**Problem statement:** Your task is to copy the lines from the line containing "- Label Durability: The" through the end of the listing below, both included, without any pictures.

Start of Data

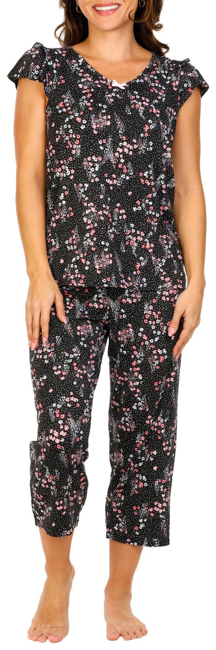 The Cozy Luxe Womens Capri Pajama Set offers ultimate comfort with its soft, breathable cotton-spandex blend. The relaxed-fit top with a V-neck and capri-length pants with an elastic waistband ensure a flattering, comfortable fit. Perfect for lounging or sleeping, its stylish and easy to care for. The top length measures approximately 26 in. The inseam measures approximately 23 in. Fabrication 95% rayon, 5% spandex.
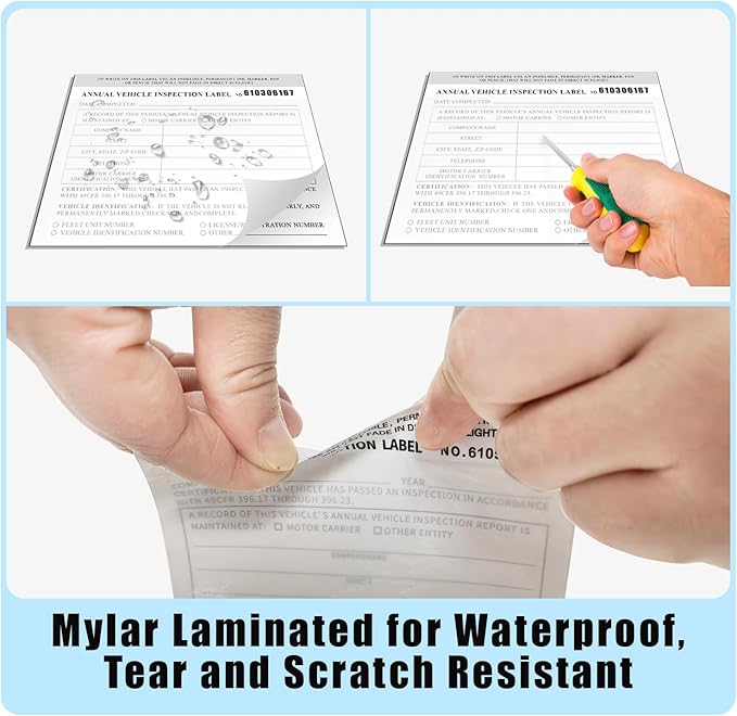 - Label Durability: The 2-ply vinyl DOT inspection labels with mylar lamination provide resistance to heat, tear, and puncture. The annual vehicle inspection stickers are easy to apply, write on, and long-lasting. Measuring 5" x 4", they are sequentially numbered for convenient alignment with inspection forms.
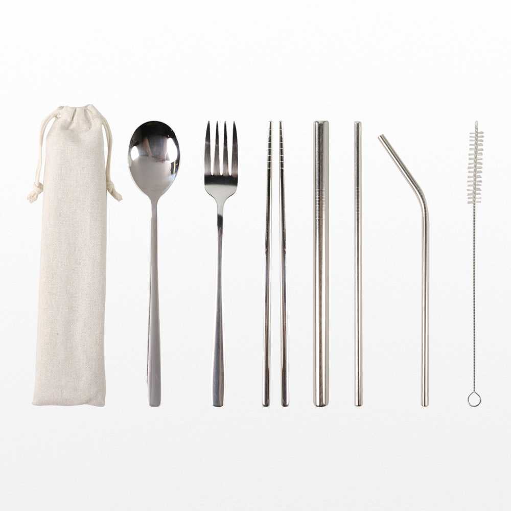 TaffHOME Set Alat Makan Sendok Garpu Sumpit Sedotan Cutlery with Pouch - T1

End of Data

**Result for this exercise:**
 - Label Durability: The 2-ply vinyl DOT inspection labels with mylar lamination provide resistance to heat, tear, and puncture. The annual vehicle inspection stickers are easy to apply, write on, and long-lasting. Measuring 5" x 4", they are sequentially numbered for convenient alignment with inspection forms.
 TaffHOME Set Alat Makan Sendok Garpu Sumpit Sedotan Cutlery with Pouch - T1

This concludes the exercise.